Financial Reporting Council seeks additional powers to enforce corporate governance rules
Following his recent evidence to the BEIS Select Committee inquiry into corporate governance, FRC Chief Executive Stephen Haddrill has written to the Committee setting out the FRC’s recommendations and how they could be implemented. These are specific proposals which go beyond many of the options set out in the Government’s recent green paper on corporate governance reform and include the following:
- the extension of the FRC’s powers to secure information to enable it to test the quality of corporate governance information and companies’ explanations for non-compliance with the UK Corporate Governance Code and take action as a result. At present, the FRC only has powers to monitor the strategic report and financial statements.
- improving the operation of Section 172 Companies Act 2006 (the duty of directors to promote the success of the company). The FRC suggests amending the UK Corporate Governance Code or Strategic Report Guidance to require companies to disclose in their annual report how they have gone about taking account of the interests of stakeholders.
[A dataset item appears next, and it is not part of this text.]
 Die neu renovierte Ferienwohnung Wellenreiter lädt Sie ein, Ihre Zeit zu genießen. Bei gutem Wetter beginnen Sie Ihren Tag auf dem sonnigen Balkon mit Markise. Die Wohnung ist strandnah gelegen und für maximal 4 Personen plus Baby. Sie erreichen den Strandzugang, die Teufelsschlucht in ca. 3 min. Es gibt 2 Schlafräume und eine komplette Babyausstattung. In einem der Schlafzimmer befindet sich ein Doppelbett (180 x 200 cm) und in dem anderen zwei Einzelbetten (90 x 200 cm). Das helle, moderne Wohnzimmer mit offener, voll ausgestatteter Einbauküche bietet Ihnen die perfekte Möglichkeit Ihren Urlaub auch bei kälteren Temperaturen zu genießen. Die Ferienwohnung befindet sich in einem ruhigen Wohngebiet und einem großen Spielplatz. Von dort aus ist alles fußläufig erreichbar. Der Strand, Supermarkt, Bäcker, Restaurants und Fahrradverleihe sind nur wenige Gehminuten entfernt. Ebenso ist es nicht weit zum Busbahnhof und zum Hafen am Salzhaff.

The FRC considers that there is also a case for a similar requirement to be placed on private companies but this would require a change to the Government’s regulations on corporate reporting.
- a government review of the enforcement framework to hold directors and other in senior positions more effectively to account when they fail in their responsibilities.
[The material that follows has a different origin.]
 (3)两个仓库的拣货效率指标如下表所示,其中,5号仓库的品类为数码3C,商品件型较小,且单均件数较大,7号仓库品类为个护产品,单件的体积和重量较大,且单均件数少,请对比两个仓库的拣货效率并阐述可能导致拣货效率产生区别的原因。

- the development by the FRC of a corporate governance code for private companies. Regulatory underpinning would be needed to require adherence to such a code and public reporting on how that had been achieved or an explanation of why it is not appropriate to do so.
- the development by the FRC of a code of conduct for directors, sitting alongside the codified duties in the Companies Act 2006, covering ethical duties. A statutory provision would need to be put in place to enable oversight by the FRC of directors subject to the code. Alternatively, the directors’ disqualification regime under the Company Directors Disqualification Act 1986 could be extended.